- The That's My Bush! intertitle, featuring actors portraying George W. Bush and wife Laura Bush
- Genre: Sitcom Satire
- Created by: Trey Parker Matt Stone
- Starring: Timothy Bottoms Carrie Quinn Dolin Kurt Fuller Kristen Miller Marcia Wallace John D'Aquino
- Theme music composer: Trey Parker
- Composer: Kim Bullard
- Country of origin: United States
- Original language: English
- No. of seasons: 1
- No. of episodes: 8

Production
- Executive producers: Trey Parker Matt Stone Anne Garefino
- Running time: 22 minutes (approx.)
- Production companies: Important Television Comedy Central

Original release
- Network: Comedy Central
- Release: April 4 – May 23, 2001

= That's My Bush! =

American television sitcom

That's My Bush! is an American television sitcom that aired on Comedy Central from April 4 to May 23, 2001. The show was created by Trey Parker and Matt Stone, a comedy-duo best known for creating South Park.

Despite the political overtones, the show itself was more a broad lampoon of American sitcoms, including jokes, a laugh track, and stock characters such as klutzy secretary Princess (Kristen Miller), know-it-all maid Maggie (Marcia Wallace), and supposedly helpful next door neighbor Larry (John D'Aquino).

The series was conceived in the wake of the 2000 presidential election, between George W. Bush and Al Gore. Parker and Stone were sure that Gore would win the election, and tentatively titled the show Everybody Loves Al. However, due to the controversy regarding the election's outcome, the series was pushed back. Instead, the show was then plotted around Bush at the workplace.

The show received positive reviews from critics, with The New York Times commenting, "That's My Bush! is a satire of hero worship itself; it is the anti-West Wing and the first true post-Clinton comedy. [...] This politically astute criticism is embedded in so much hysterical humor that the series never seems weighty."

==Plot==
The series centers on the fictitious personal life of President George W. Bush, played by Timothy Bottoms. Carrie Quinn Dolin played Laura Bush, and Kurt Fuller played Karl Rove.

Episodes dealt (with deliberate heavy-handedness) the topics of abortion, gun control, the war on drugs, drilling in the Arctic National Wildlife Refuge, and the death penalty. Every episode ended with George saying "One of these days, Laura, I'm gonna punch you in the face!", a parody of Jackie Gleason's line from The Honeymooners, "One of these days, POW!!! Right in the kisser!"

The show was more of a spoof of the banality of television sitcoms in general, rather than a cutting political satire. As The A.V. Club put it:

[That's My] Bush!s irresistibly gimmicky premise—a workplace sitcom centering on Bush and his wife Laura—represents a perverse act of extended misdirection.
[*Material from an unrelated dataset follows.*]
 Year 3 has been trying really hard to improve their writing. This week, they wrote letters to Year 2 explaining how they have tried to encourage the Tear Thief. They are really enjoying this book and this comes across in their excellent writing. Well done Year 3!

While audiences waited for Parker and Stone to tear into the Bush administration, they instead attacked the hoary conventions of the 1970s and 1980s sitcoms, which proved a surprisingly apt target for satire and pop-culture riffing.

==Cast==
- Timothy Bottoms as President George W. Bush
- Carrie Quinn Dolin as First Lady Laura Bush
- Kurt Fuller as Deputy Chief of Staff Karl Rove
- Marcia Wallace as Maggie Hawley
- Kristen Miller as Princess Stevenson
- John D'Aquino as Larry O'Shea

==Production==
===Development===
Parker and Stone stated before the 2000 presidential election that they would create a satire about whoever won. According to their DVD commentary, they were "95% certain that Gore would win" and began developing the series under the title Everybody Loves Al. When the final election results were in limbo, production was delayed until the winner was determined. With Bush's election, the title became the entendre That's My Bush! The final episode involves Dick Cheney forcing Bush to step down, and featured an alternate title music called That's My Dick! which, later in the episode, changed to What a Dick!
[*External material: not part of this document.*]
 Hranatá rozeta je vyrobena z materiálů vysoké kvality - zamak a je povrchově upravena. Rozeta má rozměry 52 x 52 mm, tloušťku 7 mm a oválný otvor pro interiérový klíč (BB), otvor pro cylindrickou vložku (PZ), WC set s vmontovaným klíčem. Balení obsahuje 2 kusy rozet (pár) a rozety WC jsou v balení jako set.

The show was pitched to HBO, Fox, NBC, CBS, ABC, FX and MTV, who all turned down the series.

===Writing===
The entire idea behind the series was to parody sitcoms. The premise developed into a sitcom featuring the sitting U.S. president. Parker recalled the idea came about three months before the 2000 presidential election. The duo were "95 percent sure" that Democratic candidate Al Gore would win, and tentatively titled the show Everybody Loves Al. It was, essentially, the same show: a lovable main character, the sassy maid and the wacky neighbor. Parker said the producers did not want to make fun of politics, but instead lampoon sitcoms. The duo watched a lot of Fawlty Towers in preparation.

The duo signed a deal with Comedy Central to produce a live-action sitcom, titled Family First, scheduled to debut on February 28, 2001. They threw a party the night of the election with the writers, with intentions to begin writing the following Monday and shooting the show in January 2001 with the inauguration. With the confusion of who the president would be, the show's production was pushed back. The duo wanted to write a "family sitcom" with the Bush family.

Comedy Central, however, prohibited Parker and Stone from including the Bush twins (Jenna Bush and Barbara Pierce Bush). The writers then turned the Bush twins character into Princess. "An Aborted Dinner Date" was the show's pilot episode. The episode features Felix the Fetus, made and operated by the Chiodo Brothers, who later worked with Parker and Stone on Team America: World Police (2004). They also created the cat Punk'kin in "The First Lady's Persqueeter". The show's producers consider the second episode aired, "A Poorly Executed Plan", the true first episode.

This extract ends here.